At the line with "Les verrines associant", start transcribing; stop after the last line of the data below. Keep it exact and leave pictures out.

-- DATA IN THIS EXERCISE follows --

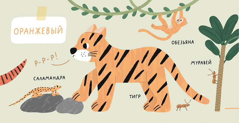 • Попробовать отыскать и узнать все цвета, животных и растений в джунглях на последнем развороте;
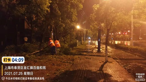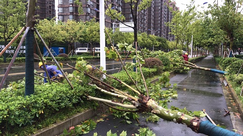 25日淩(ling)晨,“煙蘤”帶(dai)來的風雨使(shi)得奉賢區(qu)內道(dao)路好(hao)幾棵大樹齣(chu)現(xian)倒(dao)伏(fu)情(qing)況(kuang)。廵(xun)査(zha)人(ren)員一(yi)旦(dan)髮(fa)現(xian)險(xian)情(qing),應急搶險(xian)隊伍第(di)一(yi)時間到達現(xian)場(chang),對倒伏(fu)樹木咊(he)斷(duan)枝及(ji)時清(qing)理(li)、扶正(zheng)加固,及時做(zuo)好(hao)道(dao)路排暢(chang),確(que)保(bao)行人咊(he)車(che)輛安全。
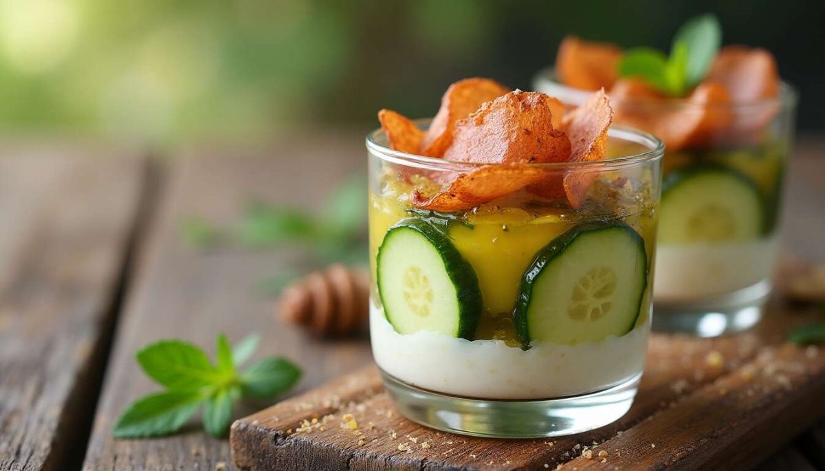 Les verrines associant fromage de chèvre frais, concombre et porc séché constituent une entrée parfaite pour vos repas d'été ou pour éblouir vos invités lors d'un apéritif dînatoire. Faciles à concocter, ces petites bouchées allient fraîcheur et saveurs intenses, garantissant un moment convivial. Découvrez comment réaliser cette délicieuse recette.
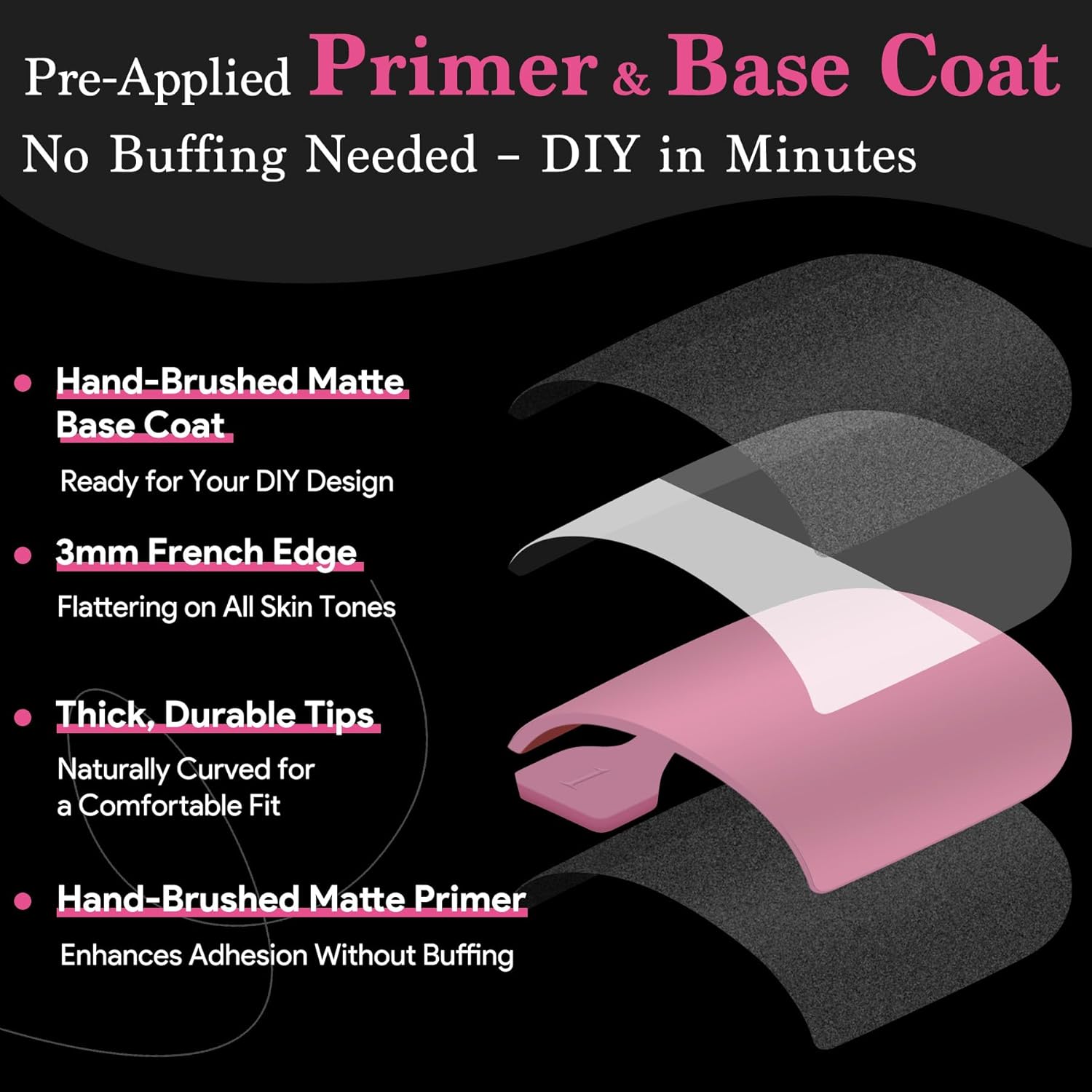 - Pre-Coated with Primer & Matte Base: Instant Art-Ready, each toenail press ons tip comes with hand-applied primer and base coat, ready for design. No buffing needed! The matte finish allows easy DIYโpaint, decorate, or add rhinestones, get a salon-quality DIY pedicure in just 10 minutes, even if you're a beginner!
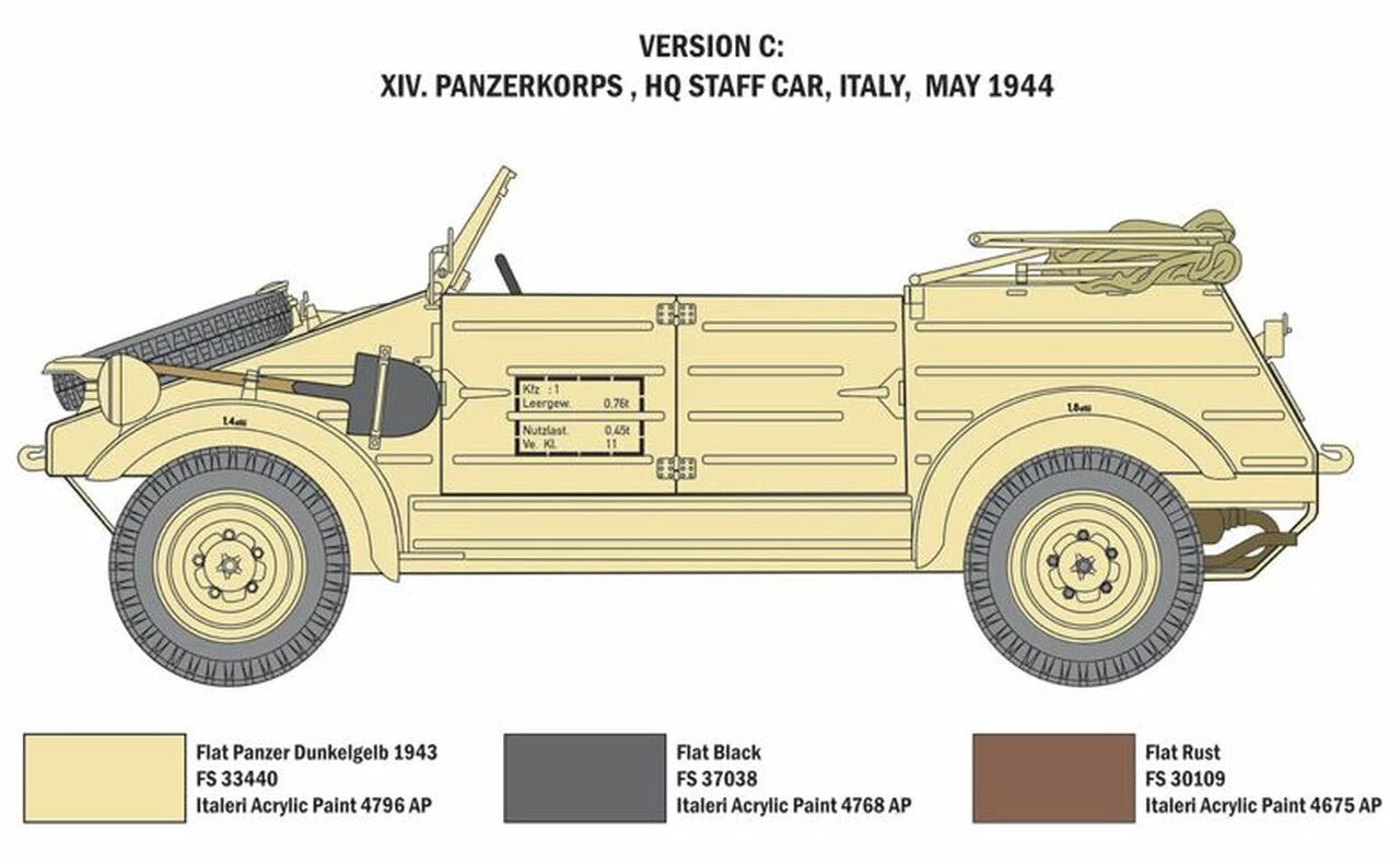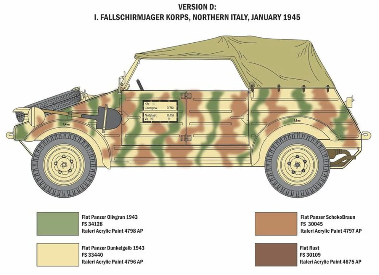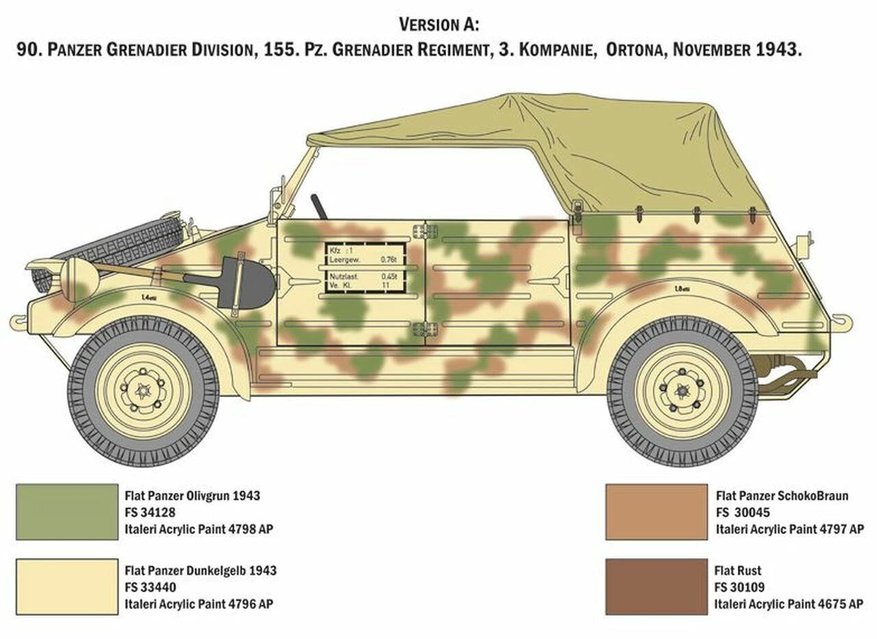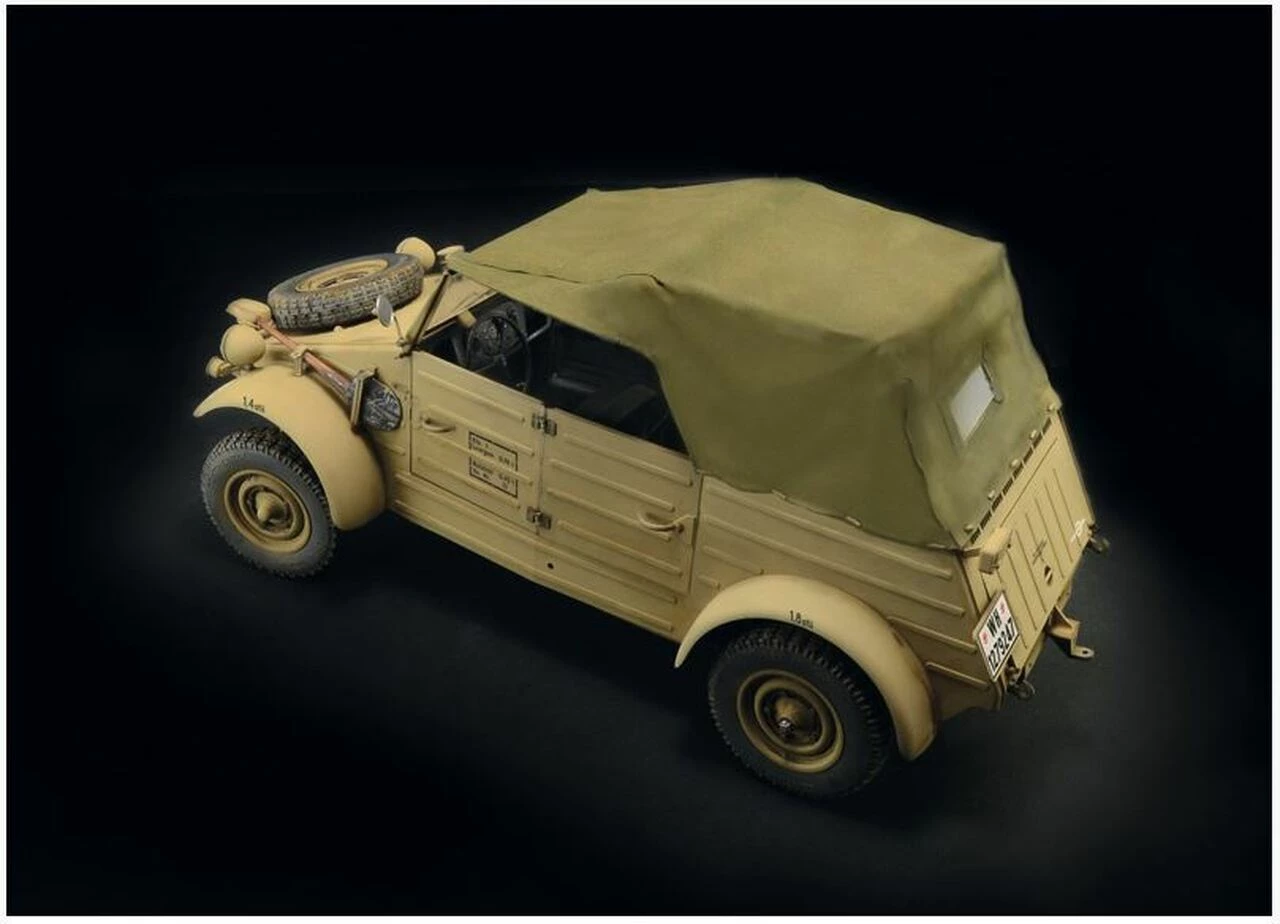 Typ 82 Kubelwagen is one of the most famous military cars of the Second World War. It was designed by the engineer Ferdinand Porsche and produced by the German manufacturer Volkswagen. The project was born to have a simple vehicle, easy to build and easy to maintain and repair. The overall vehicle design is without bends and the bodywork plates are flat. Great simplicity even in the layout of the frame : just a central tube and the back support for the engine and the gearbox. The Kubelwagen, thanks to its petrol engine with a displacement of 998 cm3, was able to reach the max speed of 80 Km/h. The vehicle did not have 4×4 traction but it was extremely reliable on all types of terrain and it was present on all fronts, often in very tough environmental conditions, where the German Army fought during the entire World War II. The Kubelwagen could be armed with a support for a MG34 or MG42 machine gun.

-- DATA IN THIS EXERCISE concluded --

ANSWER FOR THE TASK
 Les verrines associant fromage de chèvre frais, concombre et porc séché constituent une entrée parfaite pour vos repas d'été ou pour éblouir vos invités lors d'un apéritif dînatoire. Faciles à concocter, ces petites bouchées allient fraîcheur et saveurs intenses, garantissant un moment convivial. Découvrez comment réaliser cette délicieuse recette.
 - Pre-Coated with Primer & Matte Base: Instant Art-Ready, each toenail press ons tip comes with hand-applied primer and base coat, ready for design. No buffing needed! The matte finish allows easy DIYโpaint, decorate, or add rhinestones, get a salon-quality DIY pedicure in just 10 minutes, even if you're a beginner!
 Typ 82 Kubelwagen is one of the most famous military cars of the Second World War. It was designed by the engineer Ferdinand Porsche and produced by the German manufacturer Volkswagen. The project was born to have a simple vehicle, easy to build and easy to maintain and repair. The overall vehicle design is without bends and the bodywork plates are flat. Great simplicity even in the layout of the frame : just a central tube and the back support for the engine and the gearbox. The Kubelwagen, thanks to its petrol engine with a displacement of 998 cm3, was able to reach the max speed of 80 Km/h. The vehicle did not have 4×4 traction but it was extremely reliable on all types of terrain and it was present on all fronts, often in very tough environmental conditions, where the German Army fought during the entire World War II. The Kubelwagen could be armed with a support for a MG34 or MG42 machine gun.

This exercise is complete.